The activity of LPL (and consequently the apposition of fat into the
fat cell) exhibits different activity levels depending on:
1. Nutritional status: It decreases during fasting or diabetes, and
rises in the fed state (261-374)
2. Fat topography and sex: During fertile life women tend to accumulate
fat (LPL High) preferentially in the femoral region compared to the
abdominal, which is difficult to mobilize (59-375-376-377-378-465).
3. During pregnancy the above mentioned findings are even more pronounced
than while lactancy. In the latter condition, triglycerides are no longer
taken up preferentially in the femoral region.
4. Age: LPL Activity decreases in women’s femoral region during
menopause. The same phenomena can be observed in male’s abdominal
region after their sixties.
The Lipolytic Pole
The lipolytic pole of the fat cell has been more researched, and obviously
is more understood than the lipogenic one (212-215-439)
A complex system of hormones and enzymes controls fatty acids release
from adipocytes: insulin, adrenergic receptors, thyroid hormones, adrenal
steroids. Phosphodiesterase activity, Proteinkinase, Hormone sensitive
Lipase (HSL) (440)
Activation of the adenylate cyclase by different substances generates
cyclic AMP, which provokes a cascade of protein phosphorilations, the
final step being the phosphorylation and activation of the Hormone sensitive
Lipase, which proceeds in turn to the enzymatic attack of stored triglycerides.
(151-253-350).
An interesting, and beneficial aspect from the therapeutic viewpoint,
is the finding that human adipose tissue possesses both Alfa and beta-cell
membrane adrenoreceptors. Binding of agonist to the beta receptor enhances
lypolisis, where an agonist that bind to alfa2 receptors inhibits lypolisis.

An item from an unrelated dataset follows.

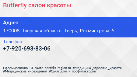 Butterfly, салон красоты по адресу 170008, Тверская область, Тверь, Ротмистрова, 5 в дальнейшем Организация, размещена в следующих категориях:

(16-17-18-19-20-21-22-23- 88- 148- 149- 153- 284-
292 - 303-394-498-499-500).
Lipolytic response to epinephrine (both beta 1 and alpha 2 adrenoreceptors)

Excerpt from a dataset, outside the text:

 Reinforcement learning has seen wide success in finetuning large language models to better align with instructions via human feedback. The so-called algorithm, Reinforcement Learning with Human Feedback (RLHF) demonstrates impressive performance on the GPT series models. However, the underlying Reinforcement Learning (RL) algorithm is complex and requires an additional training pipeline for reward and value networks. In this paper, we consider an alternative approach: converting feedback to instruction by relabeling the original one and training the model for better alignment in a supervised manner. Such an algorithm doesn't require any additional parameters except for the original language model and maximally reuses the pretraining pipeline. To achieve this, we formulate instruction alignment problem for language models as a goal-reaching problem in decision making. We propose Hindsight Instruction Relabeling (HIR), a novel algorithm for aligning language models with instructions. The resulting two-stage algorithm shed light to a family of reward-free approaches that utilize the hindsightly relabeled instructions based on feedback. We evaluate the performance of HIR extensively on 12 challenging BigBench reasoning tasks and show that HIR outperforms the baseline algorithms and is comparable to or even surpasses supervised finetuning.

is more marked in abdominal than in gluteal or femoral tissues. Moreover,
it has been suggested that the male pattern of body fat distribution
(fat mainly located in the abdominal region), may reflect greater alpha2
activity in the abdominal tissue of men.
Recent reports have demonstrated the possibility to locally modulate
those adrenoreceptors, to improve Body Contour deformities.
When compared obese patients managed with a Standard Hypocaloric Diet
submitted (or not) to adrenergic agents (lipolytic), regions treated
with Adrenergic drugs showed greater circumference reduction in treated
areas, as related to control sites.
It may be possible that these Investigations bear some relevance to
the treatment of Obesity.
This approach could hit both targets at the same time: rapid weight
loss and a pleasant body contour remodeling after treatment.